- Home
- Brandish Gilhelm
The Shield of Hannar (Runehammer Novels Book 2) Page 3
The Shield of Hannar (Runehammer Novels Book 2) Read online
Page 3
And murder it was, for this troop was no elven army, or royal cadre. They were avengers driven by the rage of some hateful rebel. Their armor was not uniform, and their fighting style was wild and bloodthirsty. This was not war, this was savagery.
“They’ve got us on our heels, boys!” Mars yelled, knocking a sword aside with Ruin and returning the attack tenfold. “A plan would be fantastic.”

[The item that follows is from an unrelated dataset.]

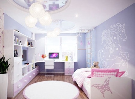紫色甜美小女生房,整个布置整洁大方。墙上的贴画充满了想象的感觉。整体书柜同时也充当着电视柜和展示柜的角色,很哈的陈列着各种小巧可爱的装饰物。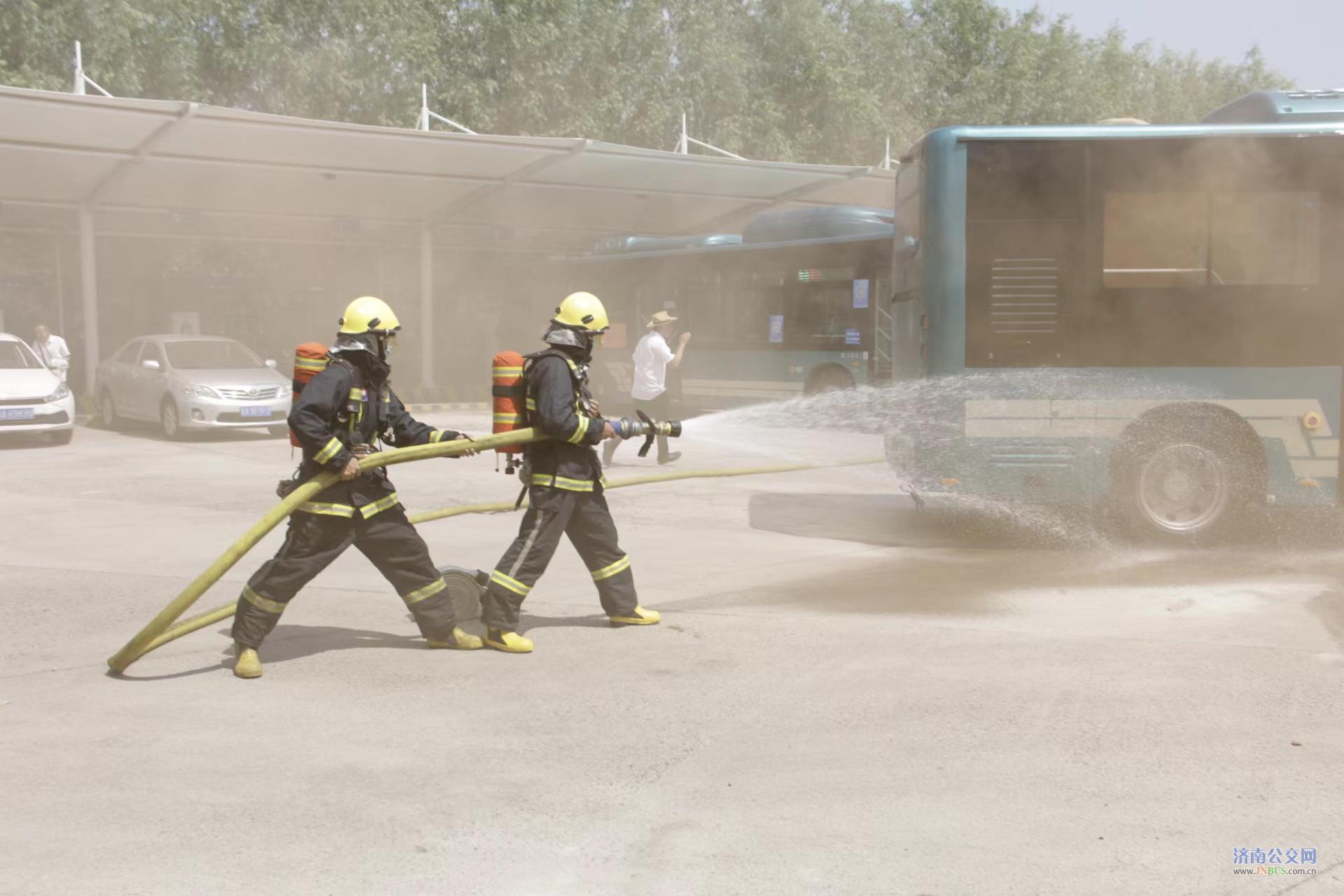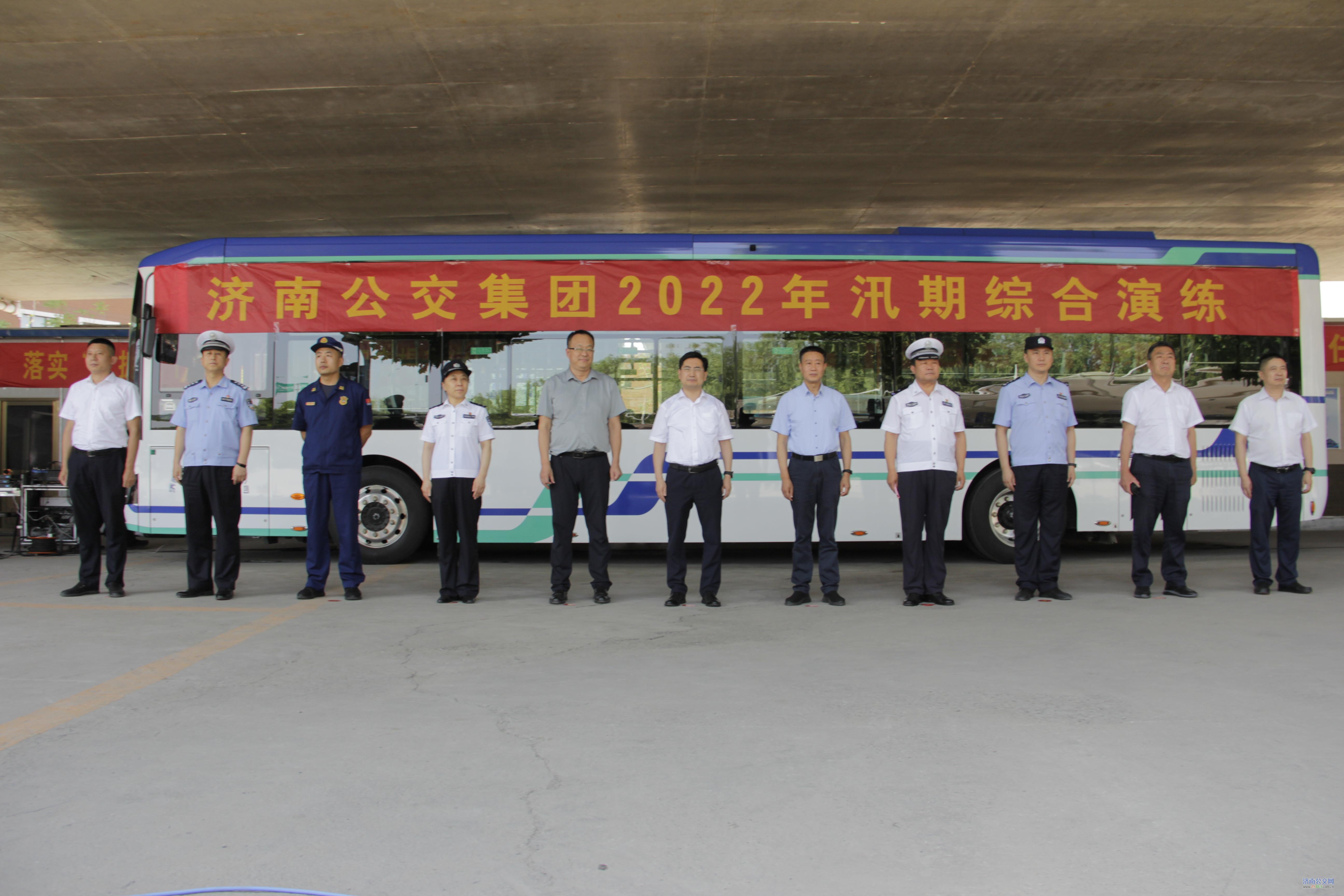 济南市城乡交通运输局、应急管理局、消防救援支队、公安局轨道公交分局、公安局交警支队、防汛抗旱指挥部办公室等领导莅临指导演练。济南公交集团部分班子成员、所属各单位主要负责人、安全副经理、安保部部长及及驾驶员代表百余人参加演练活动。

Wrimm leaned to one side, caught a kopesh slash in the ribs, broke the blade with one gloved hand, and crushed the attacker’s skull like a pumpkin. “Something drives these poor wretches forward! Their fury is reckless, and I’m hungry as an ox!”
The dwarves laughed. It was not a laugh of mirth or even humor, but a form of battle cry. When war was upon them their courage was unbroken, even as their kin died stick-straight, or flying through mid-air like champions in the arena.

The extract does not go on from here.